::: Excerpted records
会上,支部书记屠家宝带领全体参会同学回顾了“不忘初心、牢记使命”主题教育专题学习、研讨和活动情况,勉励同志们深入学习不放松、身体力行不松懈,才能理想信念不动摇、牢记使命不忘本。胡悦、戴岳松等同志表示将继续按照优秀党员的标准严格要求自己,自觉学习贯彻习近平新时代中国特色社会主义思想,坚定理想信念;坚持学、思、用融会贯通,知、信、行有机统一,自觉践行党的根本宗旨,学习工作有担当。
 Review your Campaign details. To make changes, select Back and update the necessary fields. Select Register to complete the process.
::::::
::: Excerpted records
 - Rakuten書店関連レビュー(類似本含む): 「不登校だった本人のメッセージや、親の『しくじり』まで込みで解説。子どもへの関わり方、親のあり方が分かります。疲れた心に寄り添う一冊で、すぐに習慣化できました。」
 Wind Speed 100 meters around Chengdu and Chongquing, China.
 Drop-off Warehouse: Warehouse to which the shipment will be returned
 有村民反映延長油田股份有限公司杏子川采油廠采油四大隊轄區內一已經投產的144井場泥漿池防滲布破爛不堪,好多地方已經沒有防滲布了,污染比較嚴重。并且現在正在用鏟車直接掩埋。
::::::
### What the task requires
Extract exactly and only the lines above from the line containing "会上,支部书记屠家宝带领全体" through the line containing "Review your Campaign", both end lines included.

### Output for this exercise
会上,支部书记屠家宝带领全体参会同学回顾了“不忘初心、牢记使命”主题教育专题学习、研讨和活动情况,勉励同志们深入学习不放松、身体力行不松懈,才能理想信念不动摇、牢记使命不忘本。胡悦、戴岳松等同志表示将继续按照优秀党员的标准严格要求自己,自觉学习贯彻习近平新时代中国特色社会主义思想,坚定理想信念;坚持学、思、用融会贯通,知、信、行有机统一,自觉践行党的根本宗旨,学习工作有担当。
 Review your Campaign details. To make changes, select Back and update the necessary fields. Select Register to complete the process.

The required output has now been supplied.